### YOUR GOAL
Below are lines of records; copy exactly those from the one containing "Counterbalance can be" through the one containing "View Event Video", leaving the pictures behind.

Extracted records

- Opening Delimiter -

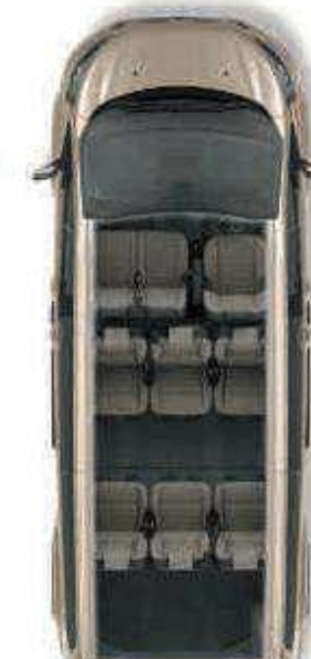
Tourneo Custom 9 seats L2.
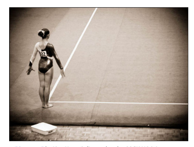
"Gymnast"
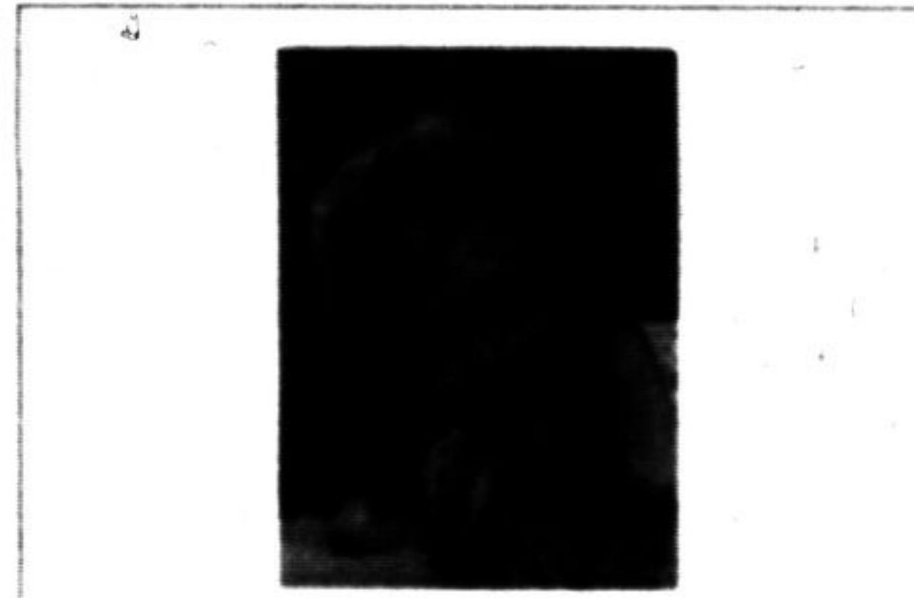
Bessey, Emily June June 25, 1923 - July 7, 2013

TWO DAY AUCTION SALE Wed. July 17 & Thurs. July 18 @ 8:30pm POLLARDS AUCTION BARN 25 mi. E. of Keswick, 24190 Kennedy Rd. 15 mi. N. of Newmarket, off Woodbine Ave. (Watch for signs) Complete line of household furniture, Antique pcs, collectibles & tools. Check the web site, www.pollardsauctions.com for photos & additions 905-722-3112 SUTTON 905-476-5160
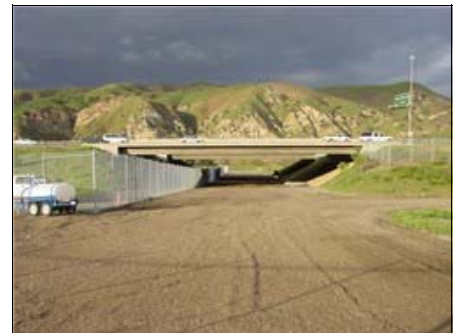
Asphalt has been removed and fencing re-aligned to guide wildlife under the freeway.
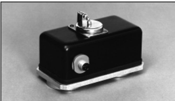
Heavy-Duty Position/Velocity Transducer

Counterbalance can be easily checked by measuring the down- and up-stroke stop time. When these two times are the same, counter-balance is properly set.
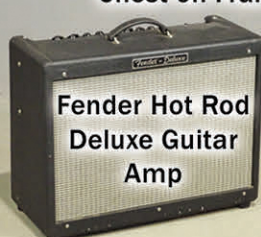
Fender Hot Rod Deluxe Guitar Amp
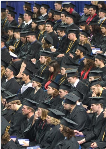
Members of UAF's graduating class of 2004 listen to the keynote address at the commencement ceremony in the Carlson Center.
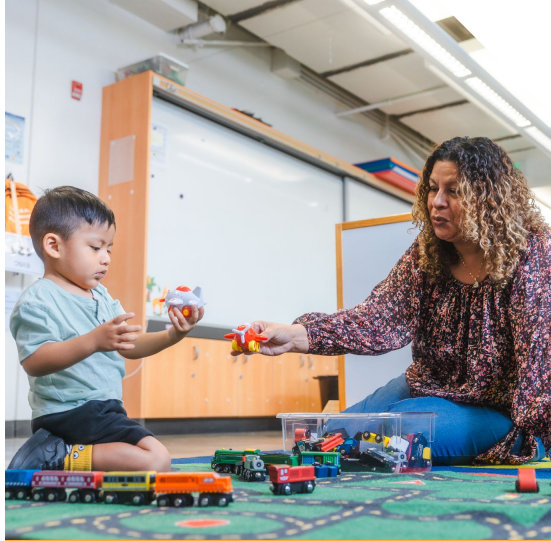
Early Education Collaboration
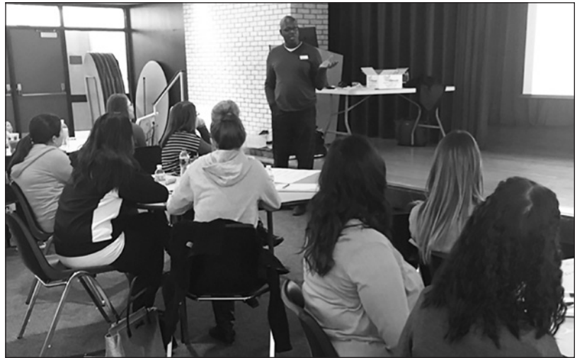
Preschool staff members were able to participate in a HighScope Training due to a grant received.
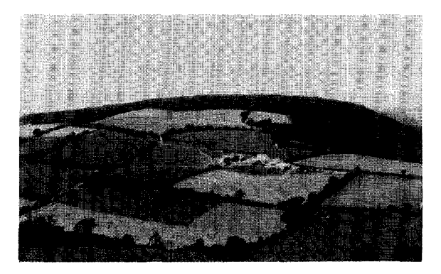
Fig. 2. Woodlands are the most potent tool for introducing extensive change into a landscape.

In conjunction with local research into recreation and environmental requirements, these assessments have allowed the teams to make recommendations on the scale and nature of the woodlands to be established within the various landscape zones they have identified.
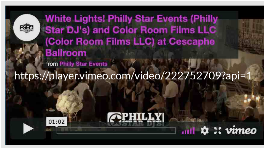
View Event Video Demo - Click Link On The Photo
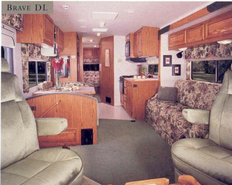
33DQ Watch your living area grow with this lounge slideout. Even the galley area feels larger when the room is extended. The bathroom on this unit includes make-up lights, a linen cabinet and space saving features like a recessed towel rack.

- Closing Delimiter -

### WORKED SOLUTION
Counterbalance can be easily checked by measuring the down- and up-stroke stop time. When these two times are the same, counter-balance is properly set.
Fender Hot Rod Deluxe Guitar Amp
Members of UAF's graduating class of 2004 listen to the keynote address at the commencement ceremony in the Carlson Center.
Early Education Collaboration
Preschool staff members were able to participate in a HighScope Training due to a grant received.
Fig. 2. Woodlands are the most potent tool for introducing extensive change into a landscape.

In conjunction with local research into recreation and environmental requirements, these assessments have allowed the teams to make recommendations on the scale and nature of the woodlands to be established within the various landscape zones they have identified.
View Event Video Demo - Click Link On The Photo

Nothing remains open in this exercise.